When the spinning stopped, I realized that I was hanging upside down in my seatbelt. Broken glass was everywhere. I seemed to be OK, but I was afraid to try to unbuckle my seatbelt for fear of falling into the broken glass that surrounded me. Hearing police and fire-truck sirens, I decided to hang upside down and wait for the help to arrive. When they got to the wreck site, they could not open the passenger side door beside me because it had been crushed in the over-turn. They broke the back glass out and one of the firemen climbed in, and seeing that I was not injured, cut my seatbelt and helped me exit through the back window.
Standing on one of the street corners, I noticed that the book I was reading had come out of the car and its pages were blowing in the wind, right in front of me, in the middle of the intersection. It was like the book was waving at me for my attention!

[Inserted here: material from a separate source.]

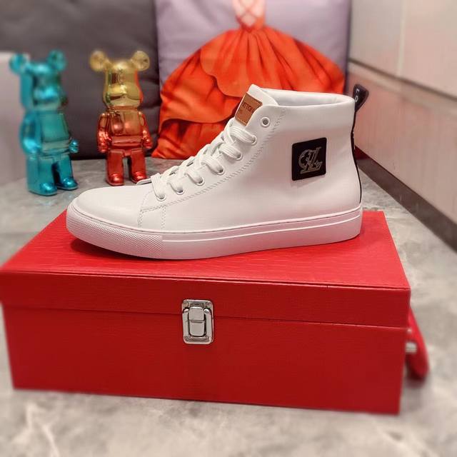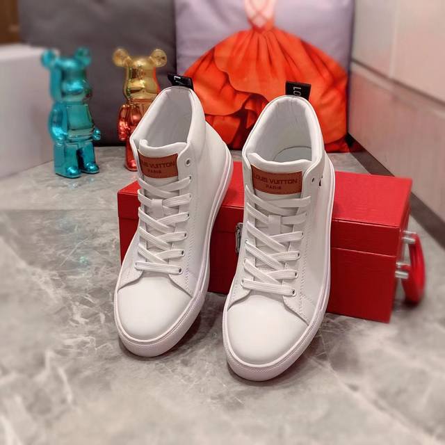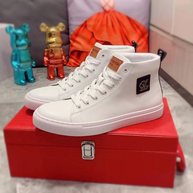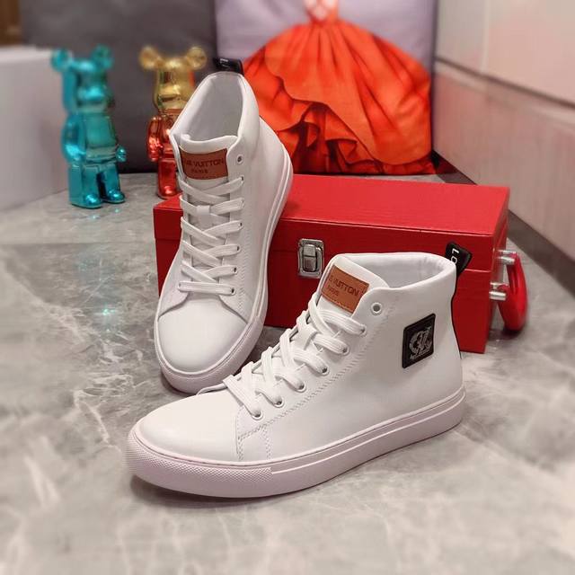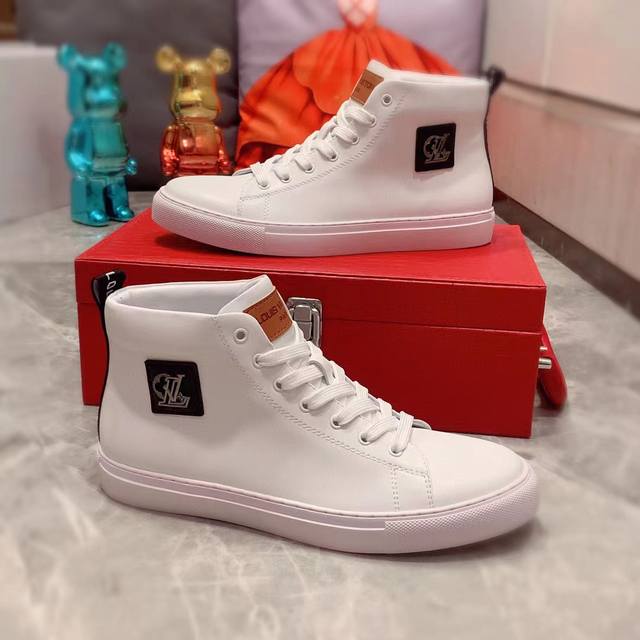 High-top: New Arrival: Factory Price L* Latest Hot-Selling Casual Shoes, Top Brand Luxury ~ Imported, Top Quality. Same product sold in department stores. The upper is made of imported breathable cowhide paired with breathable sheepskin lining with exquisite workmanship. Original design, stylish and soft rubber outsole, wear-resistant and non-slip, lightweight and comfortable on the foot. Actual product photos show even better. 2661 Guangzhou Size: 38-44. 2 colors available.
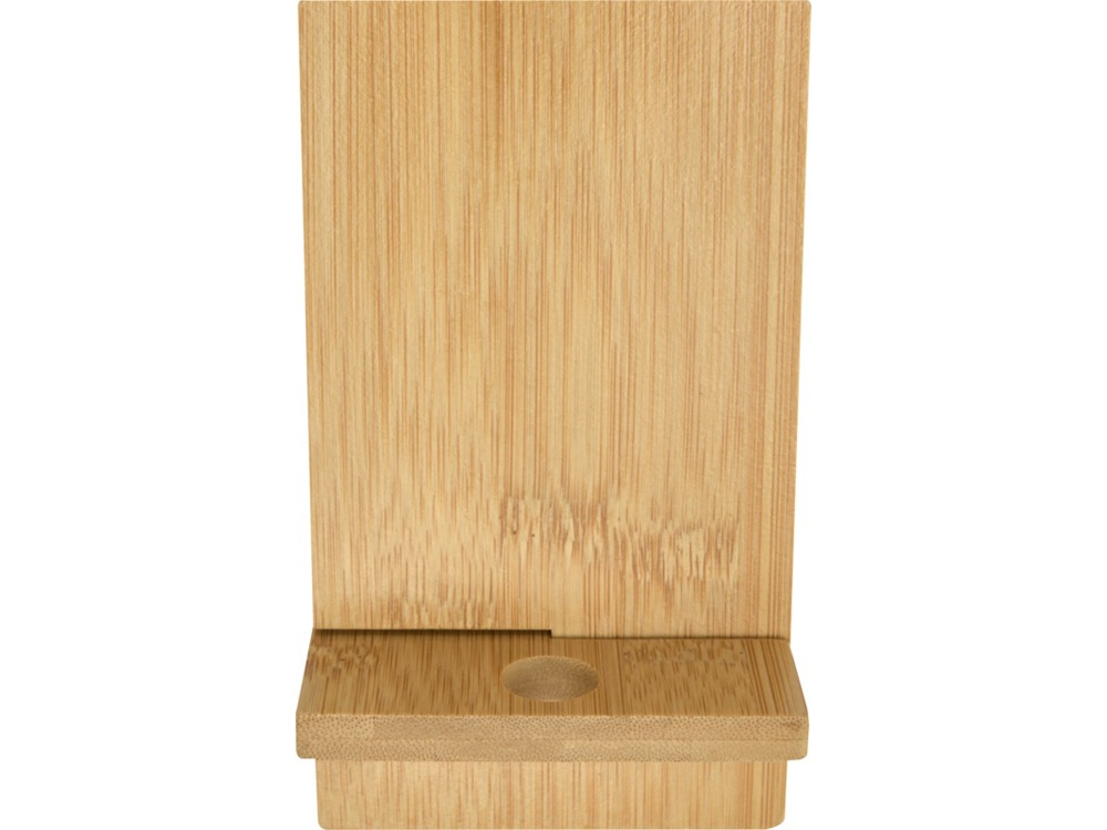 Съемная подставка для телефона Ceibo изготовлена из бамбука, полученного ответственным образом. Подставка оснащена удобным углублением для разъема кабеля, что обеспечивает легкую зарядку и надежную фиксацию устройства на месте.

The book was entitled "Lazarus" by Morris West. I could not believe my eyes. Lazarus was the man that Jesus raised from the dead in the Scriptures! I asked one of the firemen to retrieve it for me as a souvenir!
My car was completely "totaled," so after the police had completed their paperwork, I took a taxi to my house where Elaine Winebrenner and Julie Zoeller (Cathedral staff members) had been waiting for me to go to lunch. Puzzled when I got out of the taxi, they asked why I hadn't come in my car. Nonchalantly, I said "I'm sorry that I'm late, but I was just almost killed! My car is totaled. I had to take a taxi! Where do you want to go for lunch and which one of you can drive?" Again, I found that denial is a powerful pain reliever!